Его лицо, обычно румяное, улыбчивое, сейчас кажется серым, фанерно–плоским, а нижняя губа отпала. Что–то крысиное появилось в нем, и русый чуб волжского гармониста, который взметнулся надо лбом, словно забытый клок старого маскарадного наряда.
Описано много способов, как выбить оружие из рук врага. Все они хороши, когда перед тобой противник, не знающий этих приемов. Но человек с русым чубом знает.
В голове происходит бешеная эстафета мыслей… Этот тип должен был перевезти вовсе не «Благовещение». В мои расчеты вкралась ошибка. Он не уголовник. Он пришел оттуда, чтобы выполнить задание, которое мне неизвестно.

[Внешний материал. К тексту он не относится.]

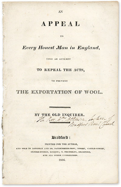 1816. Preventing an Outflow of Capital [Atkinson, William (1757-1846)]. An Appeal to Every Honest Man in England, Upon an Attempt to Repeal the Acts, To Prevent the Exportation of Wool. By the Old Inquirer. Bradford [England]: Printed for the Author, And Sold by Longman, 1816. 8 pp. Octavo (7-3/4" x 5"). Disbound, light soiling and edgewear, light spotting in a few places. Early annotation to title page identifying the author, internally clean. $250. * Only edition. A consideration of the economic effects of legislation prohibiting the export of wool, and a response to the needs of the British military during the Napoleonic Wars. Atkinson believes it would lead to an outflow of capital and a shortage of currency in Great Britain. The act was repealed without the repercussions he feared. However, The U.S. Congress enacted a protective tariff to discourage the importation of English wool. OCLC locates 4 copies, 2 in North America (Harvard, University of Chicago). Goldsmiths' Library of Economic Literature 21441.
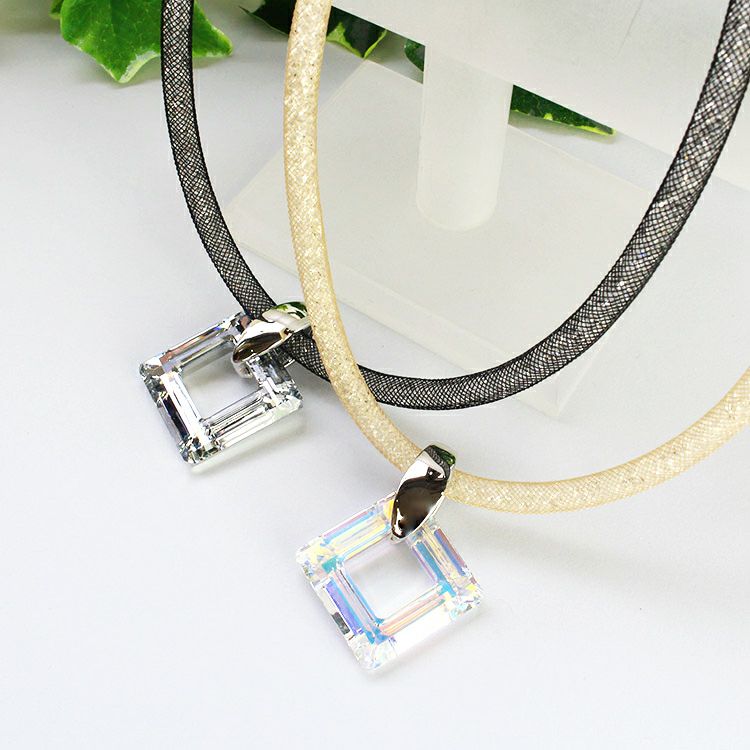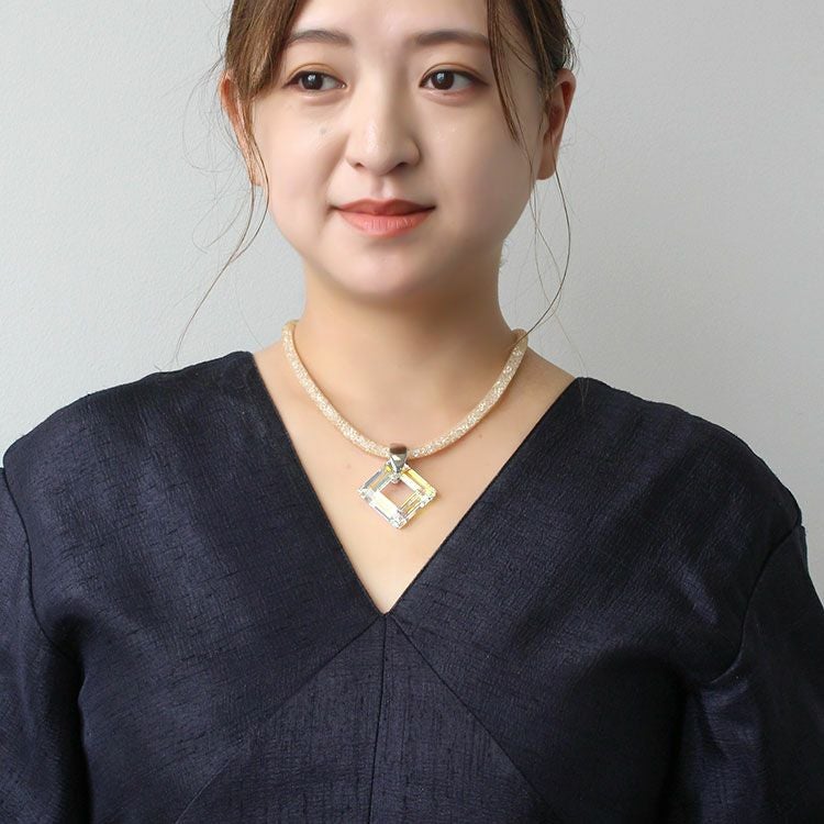 クリスタルガラススクエアモチーフネックレス/1240101-
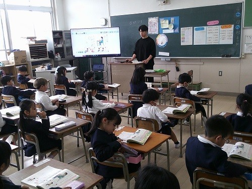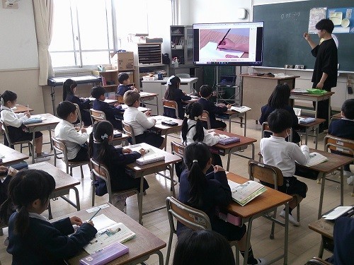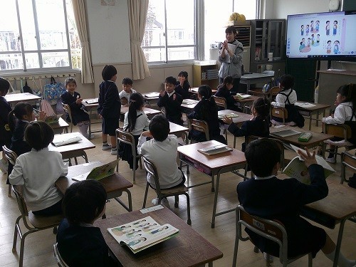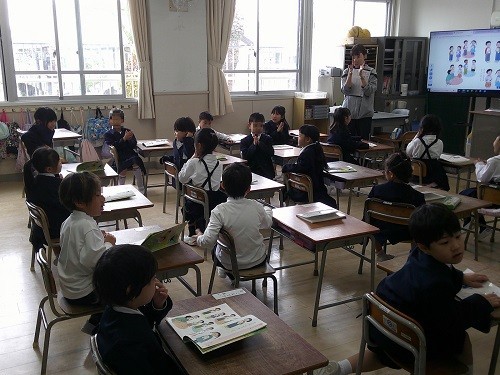国語科の学習です。「よろしくね」では、あいさつの練習をしました。「たのしくかこう」では、書きやすい姿勢、鉛筆の持ち方を学びました。

Но еще не все потеряно.
17
Вся команда «Онеги» высыпала на палубу. Даже Кэп оставил штурвал. Никто не понимал, что происходит.
— Стоять на месте! — крикнул Ложко.
— Стойте! — повторил и я.
Можно было бы, конечно, использовав удачный момент, броситься на механика. Остальные тоже бросились бы, и кто знает, один или двое остались бы в живых. Даже такой скорострельный автомат не смог пробить бы груду тел.
Сознание собственной ошибки, ненависть, обида — весь этот клубок чувств клокотал во мне, и в эту минуту я ничего не боялся. Но я не имел никакого права провоцировать на гибель других.
Надо было покрутить мозгами, прежде чем сказать последнее слово.
Механик слегка поводил стволом, и как только черный зрачок дула останавливался на ком–либо, тот моментально замирал.
Теплоход шел сам собой, распарывая носом залив. Мы стояли в шести метрах от Ложко на мокрой палубе, почти в линию. Только Валера, хранитель чужой мудрости, ничего не понял. Он шагнул вперед, подняв тяжелую ладонь.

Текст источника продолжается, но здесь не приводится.